Hier, en te quittant, je n'ai pas pu dormir.
Böylece size daha kolay gelmiş olabilir, ama ben sonra uyuyamadım.
N'empêche qu'après ça, je n'ai pas fermé l'oeil.
Tek bildiğim, kışları odamın çok soğuk... yazları da çok sıcak olduğu ve bu yüzden uyuyamadığım. Ama senin evin cennet gibiydi, tıpkı yukarıdaki gibi.
Ma chambre, glacée en hiver et torride l'été, me tenait éveillé.
Uyuyamadım.Mm-hmm.
Je n'arrive pas à dormir.
O dayanılmaz başağrısı hâlâ geçmedi, ayrıca dün gece de uyuyamadım.
Et ces maux de tête? Je n'ai pas dormi la nuit dernière.
Ben de uyuyamadım.
Je n'arrivais pas à dormir.
Sevgilimi düşünmekten uyuyamadım.
Je n'arrive pas à dormir, je pense à mon tendre chéri.
- O gece uyuyamadım.
- Je n'ai pas fermé l'œil de la nuit.
Gece iyi uyuyamadım.
Je n'ai pas dormi la nuit dernière.
Ben uyuyamadım ve çocuk ölmüştü.
Je n'ai pas dormi et l'enfant est mort.
Geçen gece uyuyamadım.
Cette nuit, je n'arrivais pas à m'endormir.

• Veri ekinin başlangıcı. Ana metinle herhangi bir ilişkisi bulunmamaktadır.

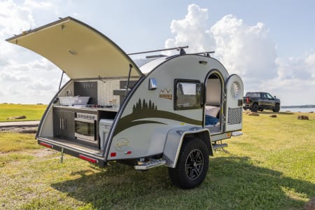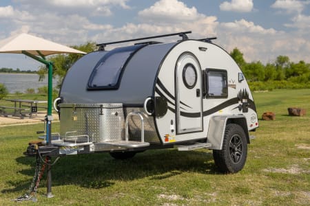 nuCamp TAG XL Boondock. A super lightweight teardrop travel trailer that can be towed with just about anything. Weight is just 1600 lbs. Somewhat offroad capable. Sleeps two adults comfortably. Comes with kitchen equipment, bedding and two camping chairs. 8 gallon water tank, a/c and heater (needs 110V). Can provide a gasoline generator for surcharge. Trailer hitch is included as well, you just need to provide the towing vehicle. Everything is keyless with code padlocks and keyless door lock. Can be picked up from a storage unit in Grapevine 6am-10pm with the provided code.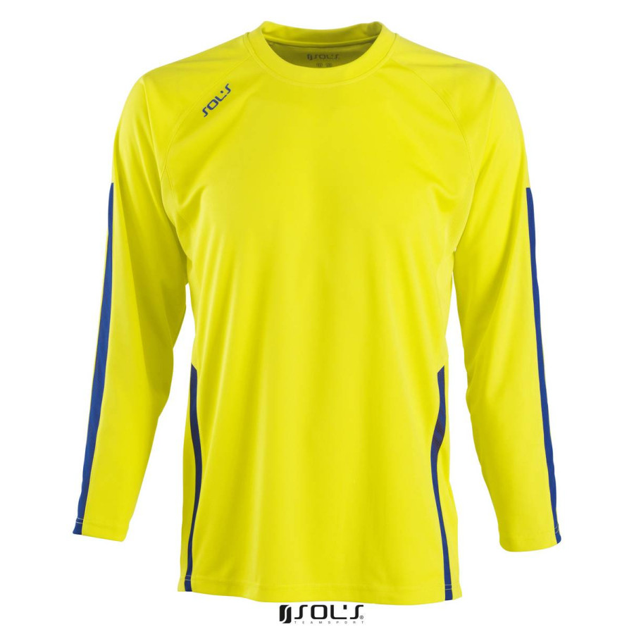 Лонгслів спортивний SOL'S Wembley LSL (лимонний/синій) з логотипом — замовлення виготовлення від компанії Giftex. Ми пропонуємо високу якість продукції, швидке виготовлення, вигідні ціни та знижки постійним клієнтам. Працюємо з доставкою в будь-яке місто України.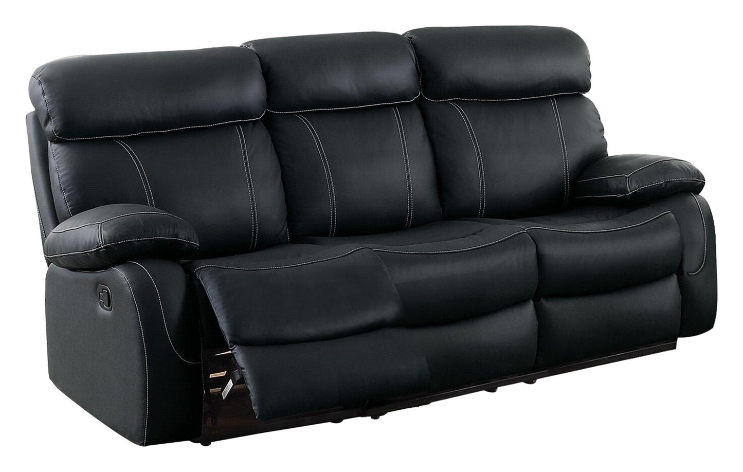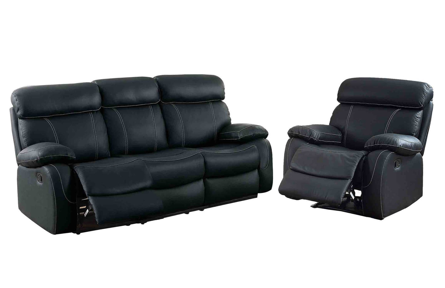 The Homelegance Pendu 2PC Double Reclining Sofa & Reclining Chair in Black Leather. Contoured for your ultimate comfort and designed for placement in homes with transitional or contemporary style, the Homelegance Pendu Collection will provide the relaxing platform you need for your downtime. Plush seating and backs extend from seated to prone with a pull of the manual reclining mechanism on each piece in the collection � dual reclining sofa, love seat and chair. The top and front bodies of each piece in the collection is covered in black or brown top grain leather, with leather match covering those areas beyond your initial reach.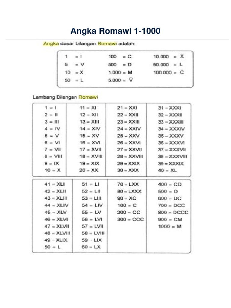 Angka Romawi : Tabel Urutan, Dasar Bilangan & Perhitungan from academia.co.id Maybe you would like to learn more about one of these? We did not find results for: Check spelling or type a new query.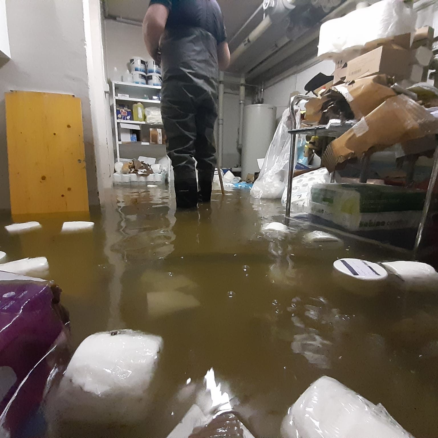 Mit vereinten Kräften und zwei Tauchpumpen, einem Wassersauger und einigem Kleingerät konnte das Wasser beseitigt und der Keller wieder weitestgehend trockengelegt werden.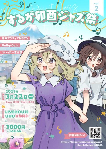 東方交楽宴様と、するが卯酉ジャズ祭様より、静岡例大祭前日に開催される音楽イベントのお知らせをいただきました。
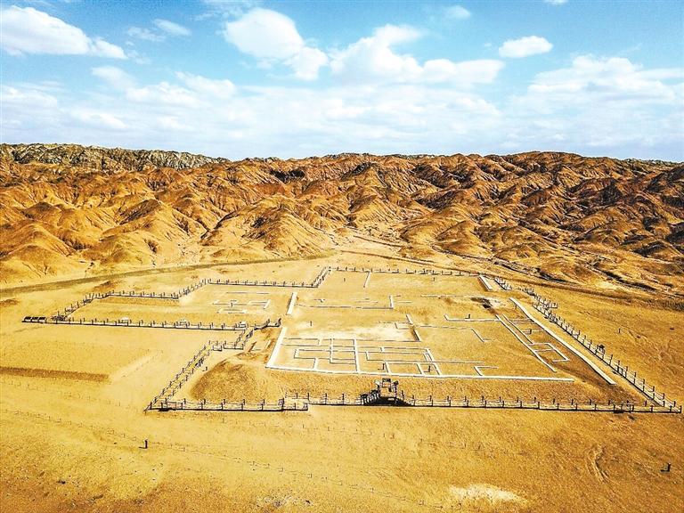下車步行,當(dāng)年氣勢(shì)恢宏的建筑物雖不復(fù)存在,但地面上的建筑輪廓以及職能機(jī)構(gòu)被標(biāo)注得很清晰。站在三危山新修建的觀景臺(tái)鳥瞰,懸泉置的風(fēng)貌便一覽無(wú)余。當(dāng)時(shí)懸泉置南依三危山余脈火焰山,北臨甜水井綠洲,是東西交往必經(jīng)之地,地理位置十分優(yōu)越。據(jù)記載,公元前138年、公元前119年,漢武帝兩次派張騫出使西域,首開其道,同時(shí)列四郡、據(jù)兩關(guān)、修長(zhǎng)城、設(shè)驛置,絲綢之路由此興起,至東漢中后期形成了“立屯田于膏腴之野,列郵置于要害之路。馳命走驛,不絕于時(shí)月;商胡販客,日款于塞下”,“臨西海以望大秦,拒玉門、陽(yáng)關(guān)者四萬(wàn)余里,靡不周盡”的巨大規(guī)模。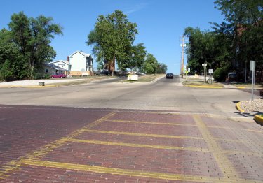 This is the intersection where the ride begins, at the end of the brick section of Main Street.

Gün ağarana dek uyuyamadım ve uyanır uyanmaz seni düşündüm.
Et je n'ai pu m'endormir qu'au petit jour... et dès que je me suis réveillée, j'ai pensé à toi.
Bir tanesini çok iyi hatırlıyorum. Bir bowling maçından sonra, bir perşembe akşamı geceleri uyuyamadığını ve biraz fazla sigara içtiğini söyledi.
Je me souviens, une fois, après un match de bowling, il m'a avoué ne pas pouvoir dormir.